It is common for those embarking on a new business venture to do so using a limited company. Very often two business partners will each hold 50% of the shares, and be the only directors (a so called “quasi-partnership”).
At the outset, it is easy to overlook the possibility of disagreements between the partners, but failure to consider dispute resolution at an early stage can put the company, and its shareholders, into dire straits later.
Without proper arrangements in place, in the event of a dispute between the two business partners the company can become “deadlocked”. No decisions can be made in respect of the company’s business, either at board or shareholder level, because neither partner has a majority of the votes. Resolving a deadlock when both parties are at loggerheads can be very costly for all concerned, as they seek either an exit for one of them or to wind the company up. In this situation it is often the case that neither party feels like a winner at the end of the process.
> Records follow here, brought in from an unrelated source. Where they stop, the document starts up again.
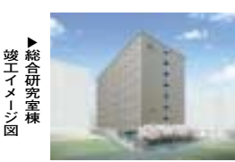
▲総合研究室棟竣工イメージ図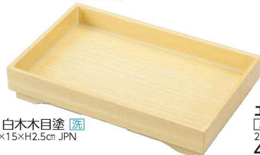
I636-169 [TA]8寸長角山路盛器 白木木目塗 [洗] 25×16.2×4.5cm・内寸23.8×15×H2.5cm JPN 4,750円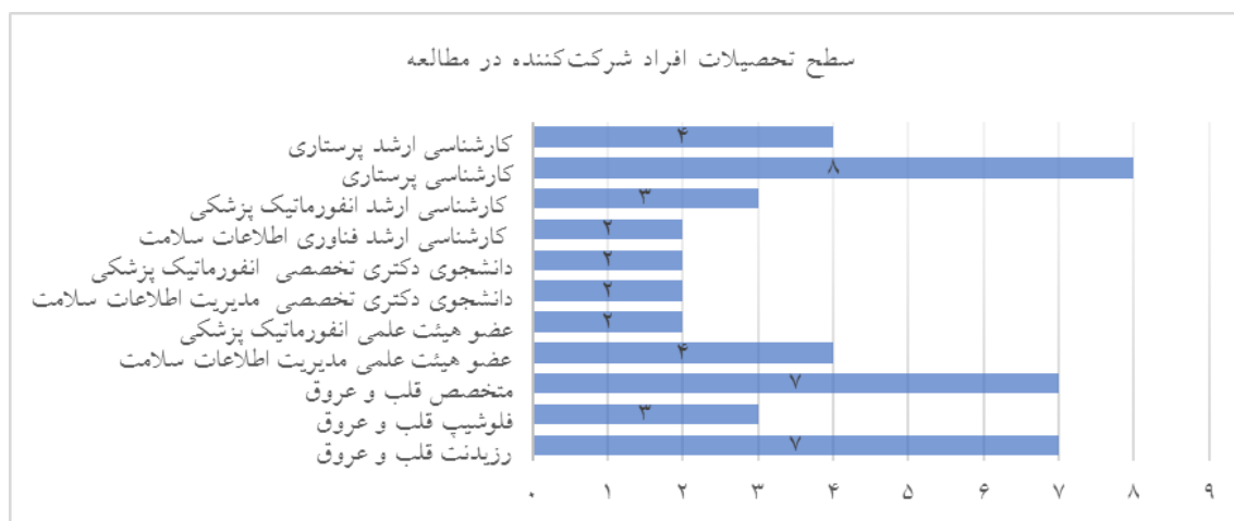
شکل ۲: نمودار سطح تحصیلات افراد شرکت‌کننده در این مطالعه به تفکیک تخصص و فراوانی

در مجموع ۴۴ نفر در این مطالعه شرکت کردند که ۴۷/۷٪ خانم بودند و میانگین سنی کل شرکت‌کنندگان تقریباً ۳۷ سال بود. ۱۷ پزشک، ۱۲ پرستار و ۱۵ نفر از رشته‌های مدیریت اطلاعات سلامت و انفورماتیک پزشکی بودند.

Some simple steps can be taken (at the outset or further down the line, but the earlier the better) to alleviate the risk of issues arising at a later date. The most common approach is to use a shareholders’ agreement to clarify the parties’ rights and responsibilities (hopefully thereby lessening the likelihood of a deadlock arising in the first place), and then detail deadlock resolution provisions, should problems arise. In the absence of agreement between the parties, these usually enable one party to buy out the other, at a price calculated in accordance with a specified mechanism.
By negotiating and preparing for a dispute before one arises, you will protect the company from reaching a point where it can no longer continue its business despite all of your hard work in setting it up. It can also save you time and money in the future should a dispute arise.